# Add one more to the horn crowd! ID comp CD2s



## slimxb8 (Sep 1, 2018)

Picked up some image Dynamics comp cd2s from my bud last night. 

What is the lowest I can cross these over at? And what slope? I can go up to 48 using a minidsp.

Current set up is 4s and tweets in A pillars, and 6.5s in doors. 350hz and up on the 4s. Looking to get rid of those and hopefully gain a wider and deeper stage. Stage does "horseshoe" some but very level.


----------



## Eric Stevens (Dec 29, 2007)

The CD2 Comp can play as low as 600 Hz but gets forward and harsh in the upper midrange if pushed hard when crossed this low. Suggested is 800 Hz @ 24 or 48. Steeper slope will help minimize any effects of PLD with the midbass.

Clean and inspect the compression drivers before use. To do this use masking tape folded for two sticky sides out and drag it through the VC gap to clean the gap.


----------



## slimxb8 (Sep 1, 2018)

Thank you Eric!


----------



## slimxb8 (Sep 1, 2018)

I mocked them up tonight, quick TA,and ran it threw REW. 
I have NEVER EVER heard anything this smooth and warm. No weird phase issues. Very littleTA.

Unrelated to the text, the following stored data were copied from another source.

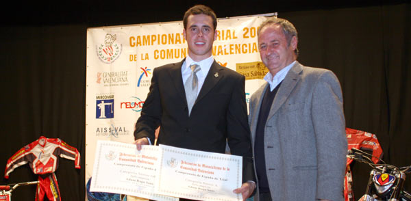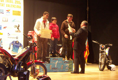 También recibieron premio por su colaboración Eloy Poyatos, Antonio Iglesias y Pablo Casanova. Pero sin duda el momento más emotivo fue cuando de la mano de Adam Raga, Rafa Ureña, campeon de veteranos en 2004 y que está pasando por un momento delicado, recibía un diploma. Por supuesto Adam Raga recibió el reconocimiento de la Federación por sus dos titulos de Campeon del Mundo de trial Indoor y Outdoor en el 2006.
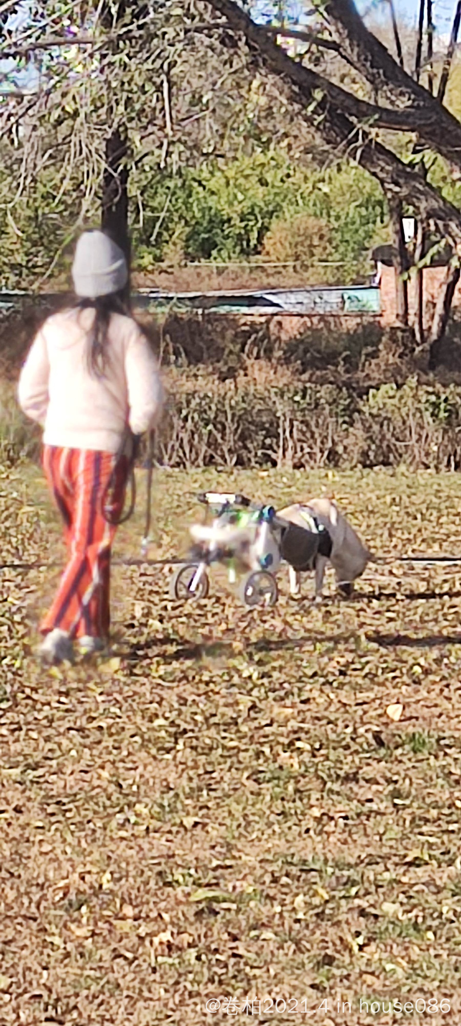 这个狗主人溜着这只狗狗已经有段时间了,每次看到这狗狗的样子,我都能想起些什么。这只狗今年9岁,生病好几年了,但主人并没有嫌弃它,经常带着它去附近的树林去漫步,虽然两只后腿无法用力,但看它的样子仍然快乐,这和主人尽心的呵护是分不开的。其实,人也一样,人的一生并不是一番风顺的,在面对着许多挫折与痛苦时,首先自己要坚强,不能轻易放弃。否则,你不但对不起自己,更对不起在你生病时,对你尽心照顾,日夜死守的家人。生病带来的痛苦对我们来说有时是无法控制的,但你不能把这些痛苦,强加于对你无微不至关怀的哪些善良人的身上。友子们加油
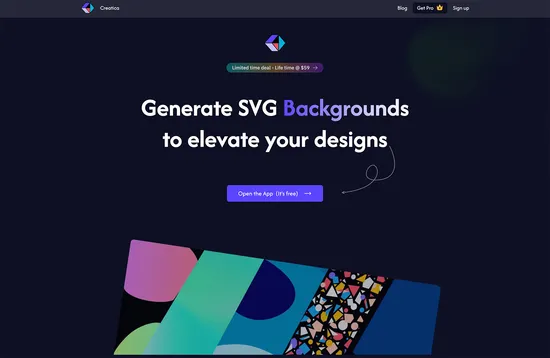 Use Creatica to quickly generate vector backgrounds. Choose from preset color palettes or customize your own. Finished backgrounds are downloadable as SVG or PNG.
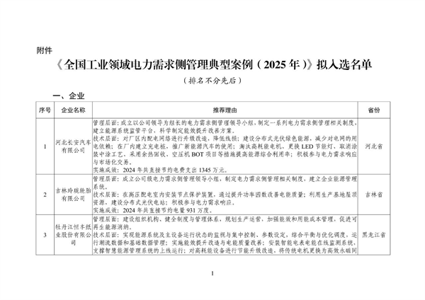 工信部:公示《全国工业领域电力需求侧管理典型案例(2025年)》拟入选名单

Stage is already high and big! Just what I was missing.

What can I do about some ques coming from the right that pull image down to opening of right horn?

For instance, in hotel Cali live, there is a wood block being played and I hear it at the glove box. 
Can something like thin foam be put on the part of the horn that you see to soften the localization of a few frequencies? 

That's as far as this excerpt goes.